Может быть, есть какая-то другая физиологическая причина этих различий, но, так или иначе, звучит один аккорд, без мелодии, без движения, а уже возникло определенное настроение. И ощущение родственности этого аккорда основной мелодии или его чужеродности и непригодности. Правда, радость и печаль этих трезвучий определяют лишь грубо и условно их выразительное значение – композиторы нередко применяют мажор в трагических произведениях и минор – в праздничных, но психология – вообще штука сложная.

Около 1600 г. музыканты перешли полностью от церковных ладов к двучастному раскладу: мажор – минор.
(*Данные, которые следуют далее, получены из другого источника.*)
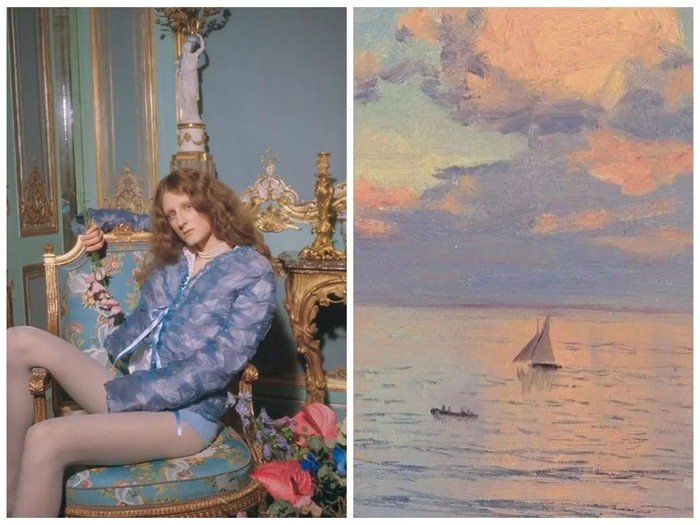她还经常从艺术作品中找配色灵感,这个办法也很值得参考。下面这两身,配色其实都来自她背后同一幅画哦👇~

Но среди тетрахордов церковных ладов два были не так уж далеки от новых трезвучий – мажор напоминал ионийскийлад, минор – эолийский. И еще до середины XVIII века (ок. 1750 г.), например у Баха, мажор и минор выступали в нотной одёжке церковных ладов, подлаживались в обозначениях под эти церковные лады. Однако сама музыка была уже новой.

Новая гармония строилась уже не на соединении отдельных мелодий, а на самодовлеющих аккордах. Аккорды появились не в результате совпадения каких-то точек нескольких мелодий, а как независимые друг от друга опоры основной мелодии. В каждом аккорде определяющим для всех его звуков, их общим исходным пунктом отсчета стал нижний тон аккорда – «генерал-бас» (лат. ‘общий бас’ – общий для всех звуков аккорда). Интервалами от него до остальных звуков определялось и название аккорда: скажем, в «кварт-септаккорде» один звук отстоит от баса на кварту, другой – на септиму. Эти названия удержались до наших дней.

У истоков этой музыки стоит итальянский композитор Клаудио Монтеверди. Он жил на переломе эпох – от Позднего Возрождения к Веку Разума, в конце XVI столетия и начале XVII. В жизни его было много трагического – он тяжело переносил недооценку со стороны своих знатных хозяев, смерть и бедствия близких (сын был арестован инквизицией за чтение запрещенных книг), сам он едва уцелел во время эпидемии чумы. Эти переживания отразились в его музыке, драматической, тяготевшей к диссонансам и угловатым мелодиям. Сначала он сочинял традиционные мадригалы(короткие лирические произведения с комплиментами), светские и духовные, потом оперы. В его операх бушуют человеческие страсти – он сам называл свой стиль «взволнованным». В оперу он ввел увертюру, а ткань оперы стал членить на арии. С его легкой руки в гармонии утвердился неустойчивый диссонансный аккорд, позже названный доминантсептаккордом, побуждающий к движению, модуляции. За это Шевалье (1932: 17) называет Монтеверди «отцом современной гармонии». Но в последующем Монтеверди был совершено забыт – о нем вспомнили только в XIX веке.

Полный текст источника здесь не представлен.